What is required - Could you copy exactly the lines from the start of the records through the one containing "Even the shopping", both included, and leave out the pictures?
Start of Given data
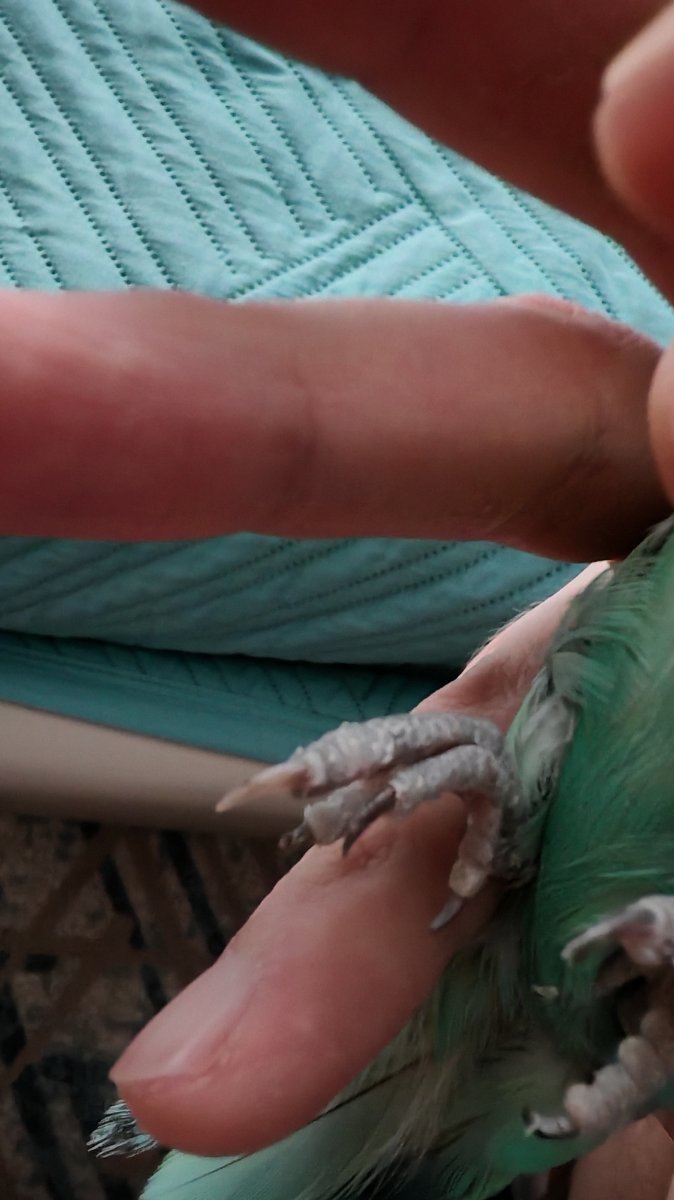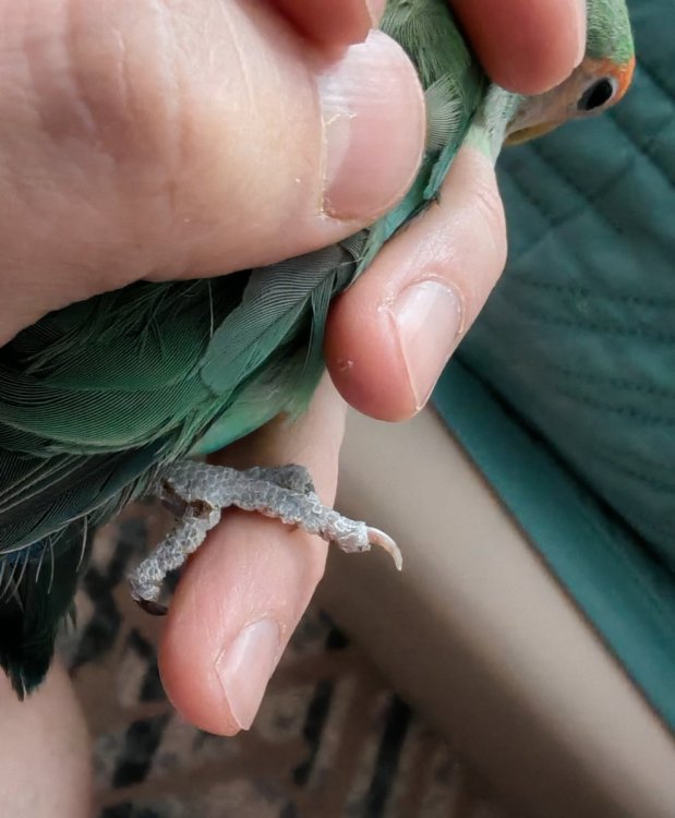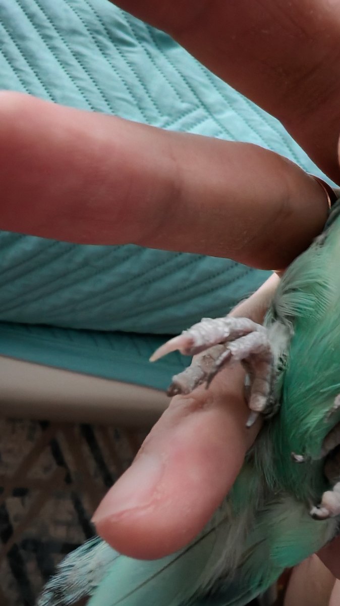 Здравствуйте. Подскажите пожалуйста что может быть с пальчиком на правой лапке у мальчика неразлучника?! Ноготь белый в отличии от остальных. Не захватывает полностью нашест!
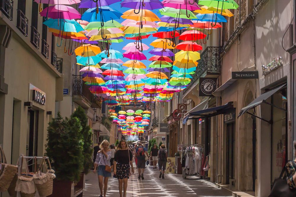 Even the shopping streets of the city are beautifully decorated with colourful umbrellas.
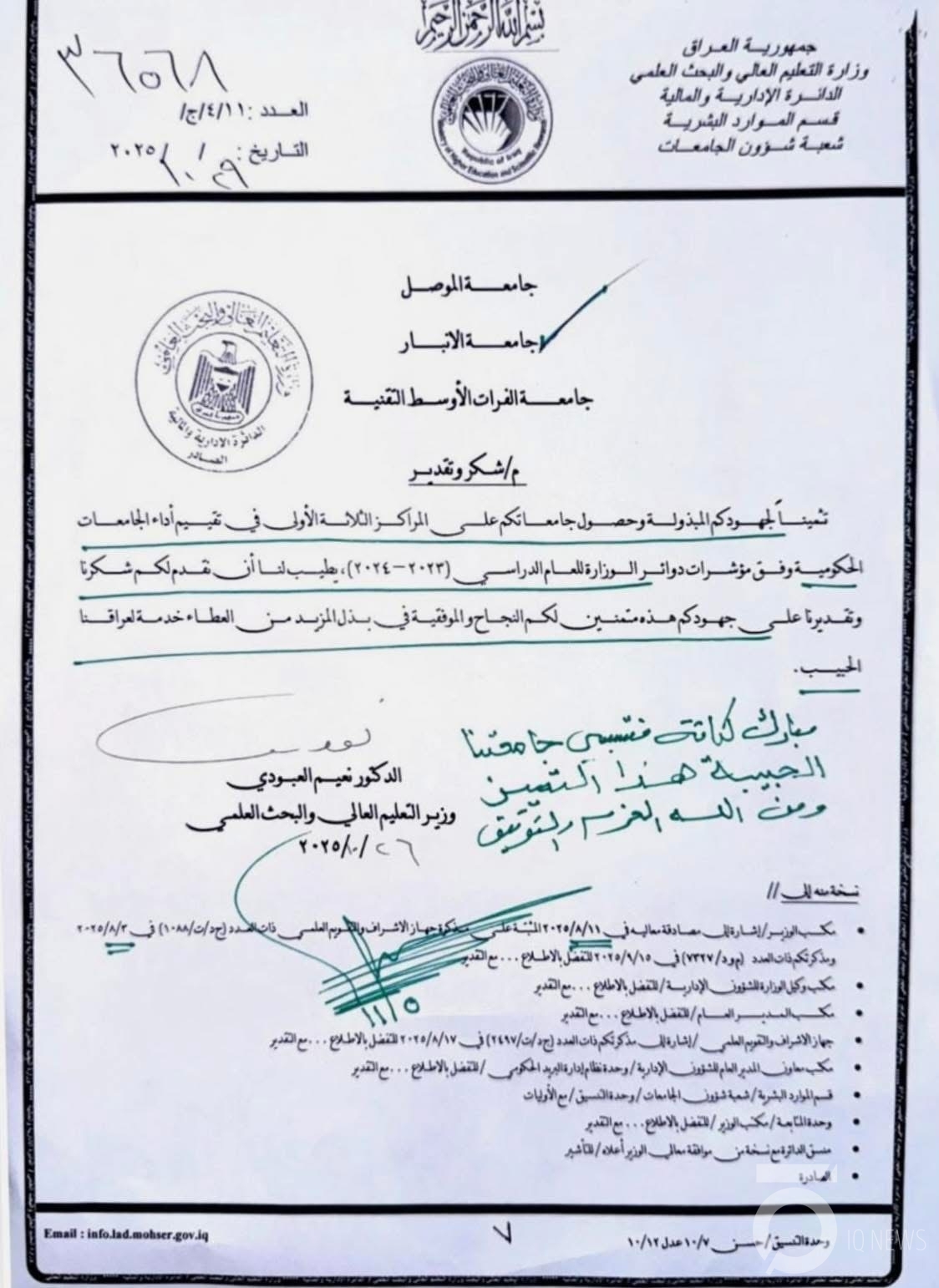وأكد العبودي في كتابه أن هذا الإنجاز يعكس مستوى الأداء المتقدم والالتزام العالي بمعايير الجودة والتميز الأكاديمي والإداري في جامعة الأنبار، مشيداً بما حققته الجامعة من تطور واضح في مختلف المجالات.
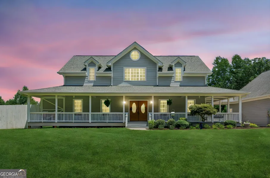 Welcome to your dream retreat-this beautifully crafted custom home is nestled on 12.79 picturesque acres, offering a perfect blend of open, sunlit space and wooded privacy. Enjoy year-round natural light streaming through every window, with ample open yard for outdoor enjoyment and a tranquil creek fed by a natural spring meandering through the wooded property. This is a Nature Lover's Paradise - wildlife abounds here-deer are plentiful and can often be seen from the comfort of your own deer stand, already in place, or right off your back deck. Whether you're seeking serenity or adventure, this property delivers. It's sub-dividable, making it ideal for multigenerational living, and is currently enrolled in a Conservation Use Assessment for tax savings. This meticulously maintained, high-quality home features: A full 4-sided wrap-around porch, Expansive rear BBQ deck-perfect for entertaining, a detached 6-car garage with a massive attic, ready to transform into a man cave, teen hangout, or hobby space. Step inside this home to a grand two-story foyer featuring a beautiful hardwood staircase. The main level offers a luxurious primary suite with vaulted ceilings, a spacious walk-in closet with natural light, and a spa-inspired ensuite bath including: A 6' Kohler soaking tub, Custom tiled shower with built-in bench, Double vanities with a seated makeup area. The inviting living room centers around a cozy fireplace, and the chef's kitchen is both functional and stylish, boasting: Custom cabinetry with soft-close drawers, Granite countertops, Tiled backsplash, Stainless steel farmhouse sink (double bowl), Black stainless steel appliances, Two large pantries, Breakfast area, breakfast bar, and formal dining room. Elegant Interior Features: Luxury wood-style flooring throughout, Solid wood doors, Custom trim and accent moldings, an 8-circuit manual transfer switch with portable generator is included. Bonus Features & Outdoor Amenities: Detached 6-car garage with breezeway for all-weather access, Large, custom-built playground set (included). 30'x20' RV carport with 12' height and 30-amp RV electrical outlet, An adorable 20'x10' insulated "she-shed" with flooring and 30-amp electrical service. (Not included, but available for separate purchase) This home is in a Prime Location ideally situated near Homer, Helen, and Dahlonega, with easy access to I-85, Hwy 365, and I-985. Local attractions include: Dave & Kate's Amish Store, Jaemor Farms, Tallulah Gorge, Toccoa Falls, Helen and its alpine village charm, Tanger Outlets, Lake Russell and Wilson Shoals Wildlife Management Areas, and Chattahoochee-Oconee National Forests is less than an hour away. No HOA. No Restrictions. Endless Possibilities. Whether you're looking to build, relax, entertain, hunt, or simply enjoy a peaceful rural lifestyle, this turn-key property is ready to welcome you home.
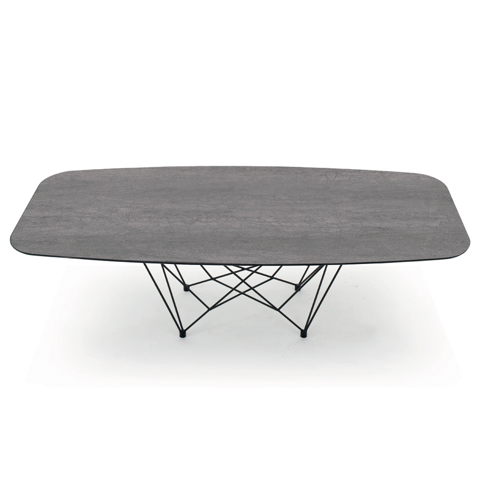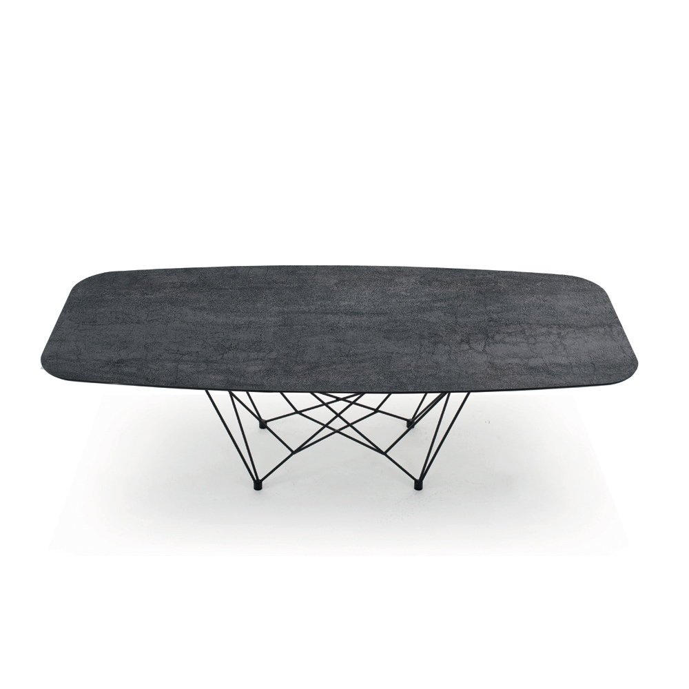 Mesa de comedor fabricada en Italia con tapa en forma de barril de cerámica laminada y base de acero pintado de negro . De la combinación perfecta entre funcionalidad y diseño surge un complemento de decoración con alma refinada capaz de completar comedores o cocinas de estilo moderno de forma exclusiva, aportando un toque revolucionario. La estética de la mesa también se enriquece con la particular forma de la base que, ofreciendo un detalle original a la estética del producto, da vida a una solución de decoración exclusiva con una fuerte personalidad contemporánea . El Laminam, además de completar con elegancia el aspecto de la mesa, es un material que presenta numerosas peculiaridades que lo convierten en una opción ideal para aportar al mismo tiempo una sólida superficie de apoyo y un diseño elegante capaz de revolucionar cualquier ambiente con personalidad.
End of Given data
Answer to this exercise -
 Здравствуйте. Подскажите пожалуйста что может быть с пальчиком на правой лапке у мальчика неразлучника?! Ноготь белый в отличии от остальных. Не захватывает полностью нашест!
 Even the shopping streets of the city are beautifully decorated with colourful umbrellas.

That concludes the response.